▶ Exercise data:
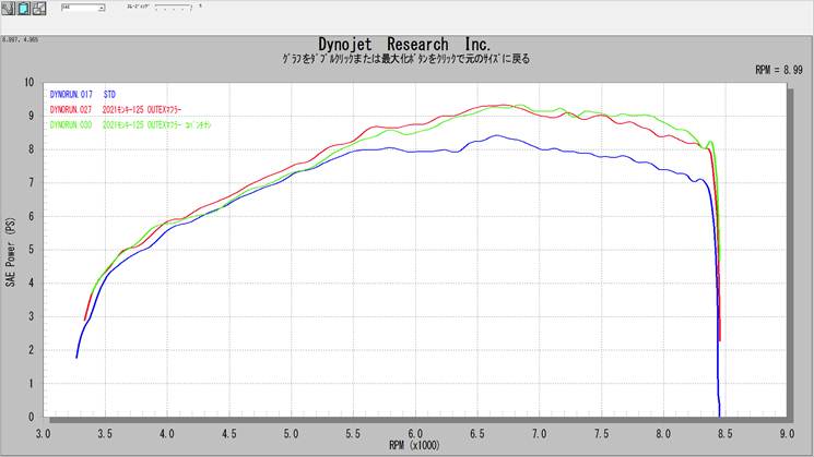 2021モンキー125 パワーグラフ ブルーSTDマフラー レッドOUTEXマフラー グリーンOUTEXマフラー(トルクアップパンチングパイプ無し) |
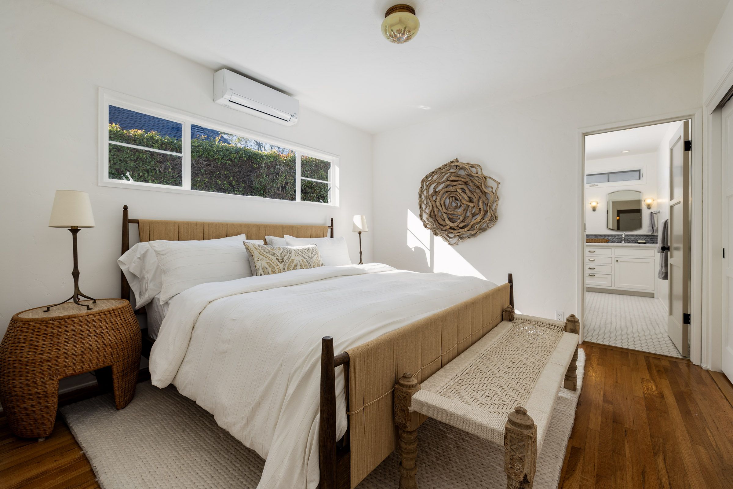 The single-level residence offers two bedrooms and two bathrooms, including an updated primary bath with heated floors. A refreshed kitchen honors the cottage’s original spirit while embracing modern comfort, featuring Viking appliances, honed marble countertops, and a seamless blend of form and function. Each improvement has been carefully curated to enhance livability without compromising the home’s authentic charm.
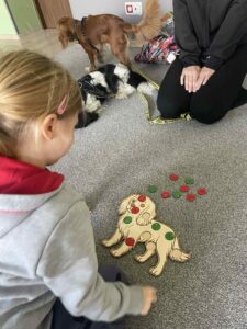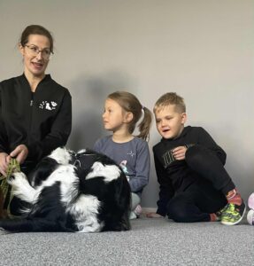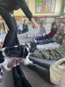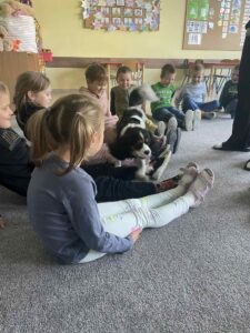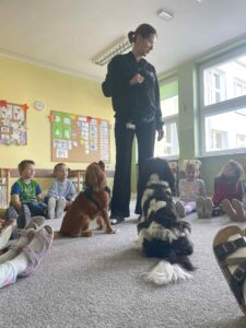 Grupa Gwiazdek uczestniczyła w zajęciach z dogoterapii. Dzieci uczyły się, jak rozmawiać z psem, jak go głaskać i jak okazywać emocje w sposób bezpieczny i przyjazny. To doskonała okazja do nauki empatii, spokoju i odpowiedzialności poprzez zabawę.
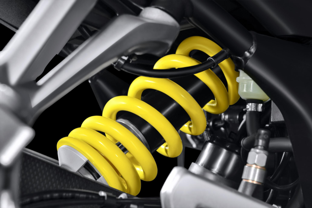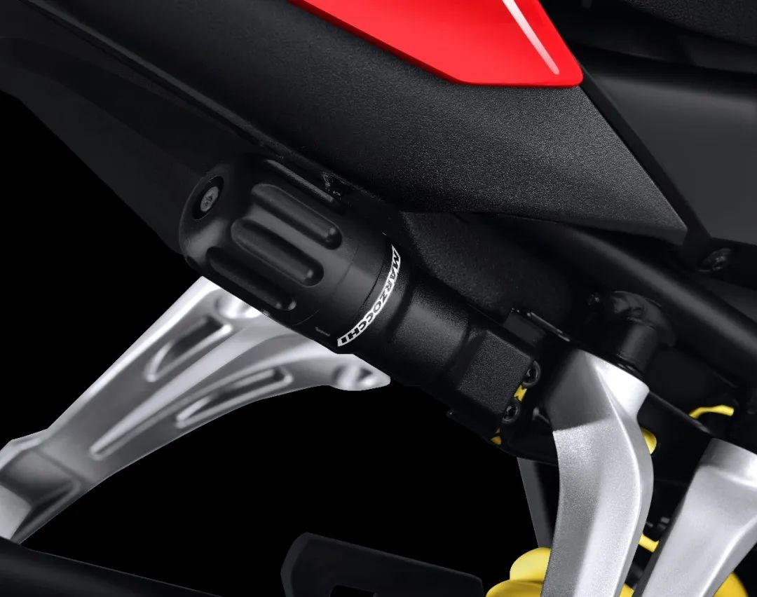 后减震也是使用的马祖奇,带旋钮调节,采用的是中置减震的布局,乘客脚踏目测也是铝合金的材质。

▶ Assignment: When you repeat the lines above, keep them exact and leave out each image they contain.

▶ Answer to this exercise:
 2021モンキー125 パワーグラフ ブルーSTDマフラー レッドOUTEXマフラー グリーンOUTEXマフラー(トルクアップパンチングパイプ無し) |
 The single-level residence offers two bedrooms and two bathrooms, including an updated primary bath with heated floors. A refreshed kitchen honors the cottage’s original spirit while embracing modern comfort, featuring Viking appliances, honed marble countertops, and a seamless blend of form and function. Each improvement has been carefully curated to enhance livability without compromising the home’s authentic charm.
 Grupa Gwiazdek uczestniczyła w zajęciach z dogoterapii. Dzieci uczyły się, jak rozmawiać z psem, jak go głaskać i jak okazywać emocje w sposób bezpieczny i przyjazny. To doskonała okazja do nauki empatii, spokoju i odpowiedzialności poprzez zabawę.
 后减震也是使用的马祖奇,带旋钮调节,采用的是中置减震的布局,乘客脚踏目测也是铝合金的材质。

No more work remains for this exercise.